Drug resistance mutations in HIV-1 protease selectively alter inhibitor binding without significantly affecting substrate recognition and cleavage. This alteration in molecular recognition led us to develop the substrateenvelope hypothesis which predicts that HIV-1 protease inhibitors that fit within the overlapping consensus volume of the substrates are less likely to be susceptible to drug-resistant mutations, as a mutation impacting such inhibitors would simultaneously impact the processing of substrates. To evaluate this hypothesis, over 130 HIV-1 protease inhibitors were designed and synthesized using three different approaches with and without substrate-envelope constraints. A subset of 16 representative inhibitors with binding affinities to wild-type protease ranging from 58 nM to 0.8 pM was chosen for crystallographic analysis. The inhibitor-protease complexes revealed that tightly binding inhibitors (at the picomolar level of affinity) appear to "lock" into the protease active site by forming hydrogen bonds to particular active-site residues. Both this hydrogen bonding pattern and subtle variations in protein-ligand van der Waals interactions distinguish nanomolar from picomolar inhibitors.
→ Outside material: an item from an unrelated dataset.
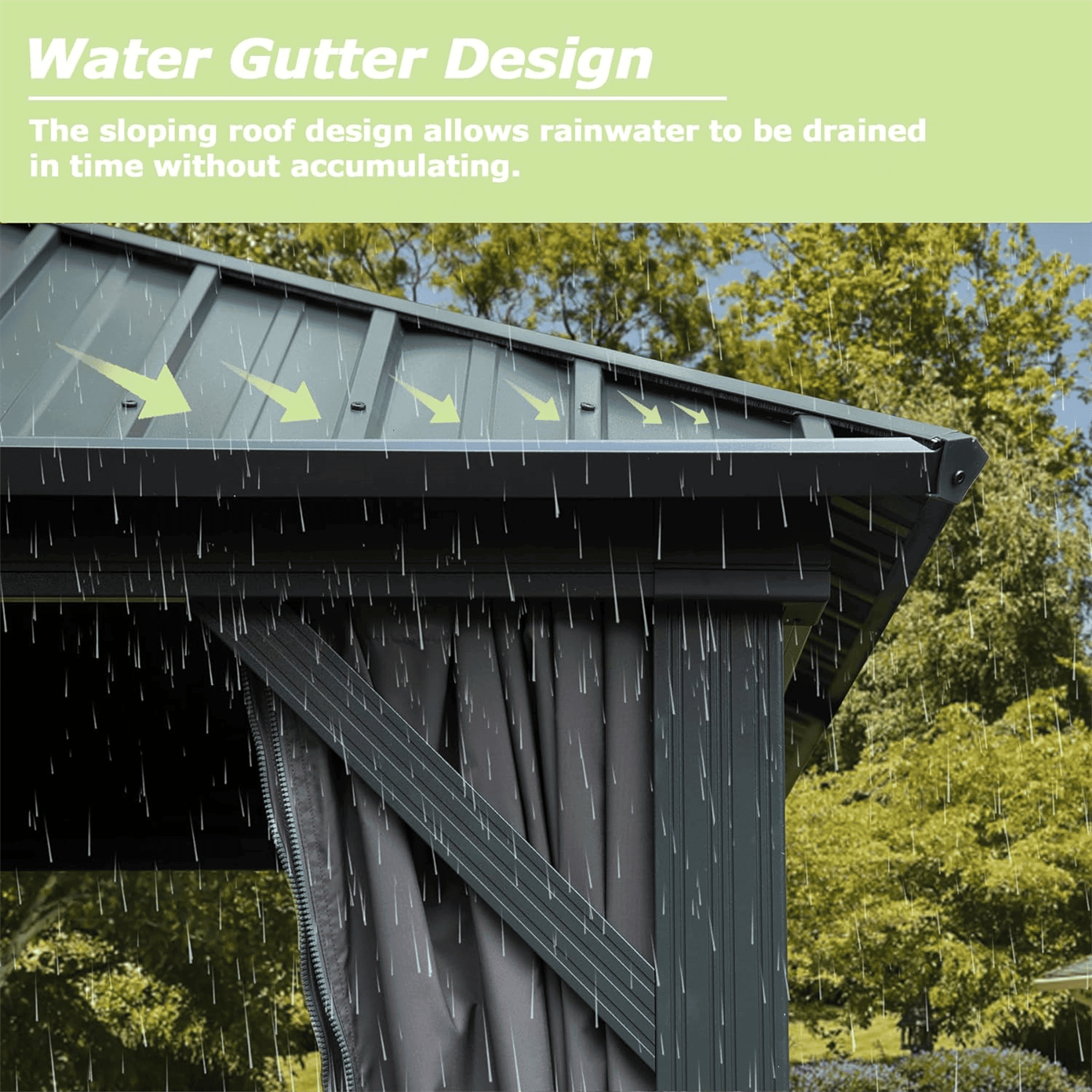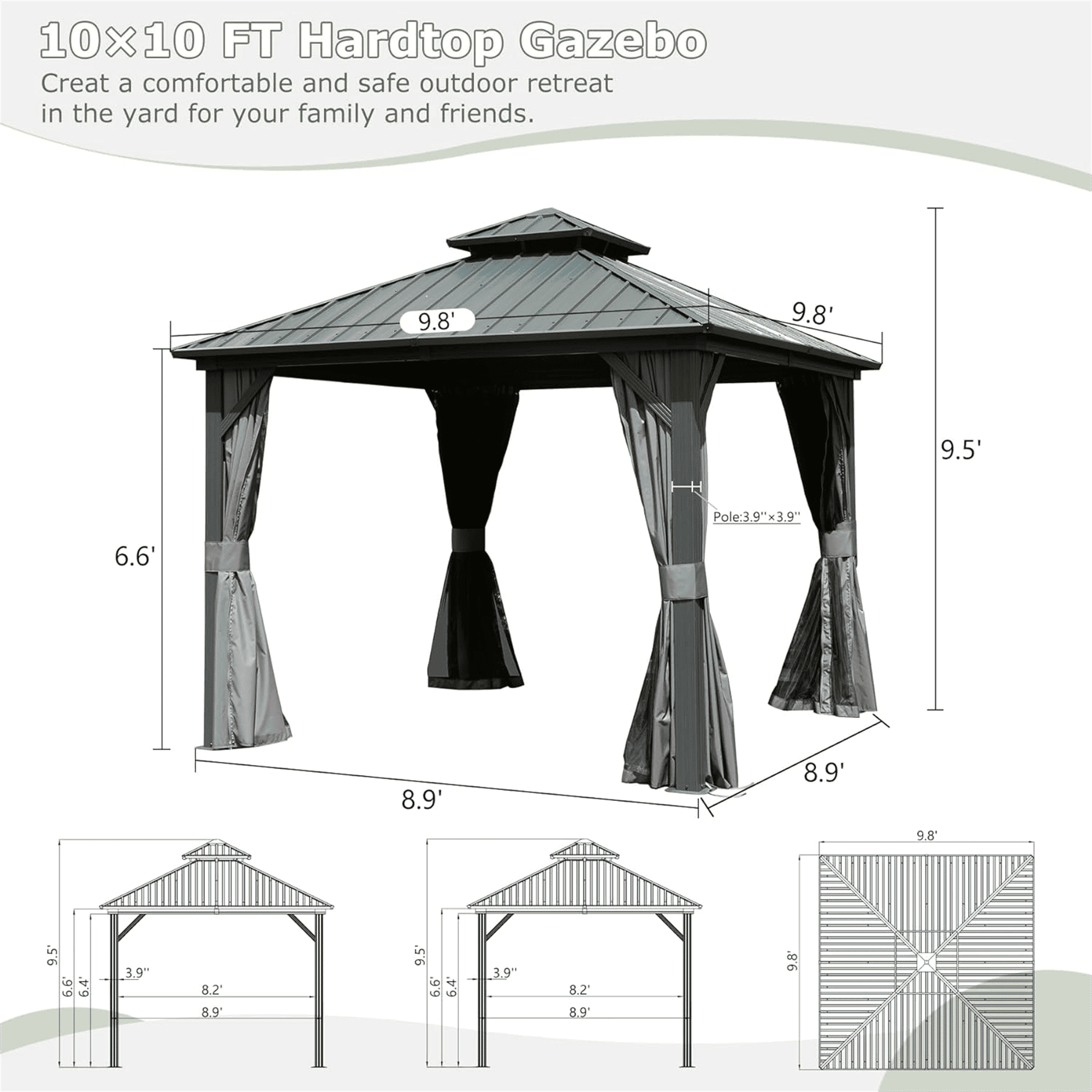 Double Roof Design- The space between the two roof layers allows air to circulate, creating a ventilation system that helps keep the gazebo cool and comfortable even on hot summer days. Plus, the slope of the roof helps rain and snow to flow down and off the structure, reducing the risk of damage and ensuring a long-lasting, durable roof.

In general, inhibitors that fit within the substrate envelope, regardless of whether they are picomolar or nanomolar, have flatter profiles with respect to drug-resistant protease variants than inhibitors that protrude beyond the substrate envelope; this provides a strong rationale for incorporating substrate-envelope constraints into structure-based design strategies to develop new HIV-1 protease inhibitors.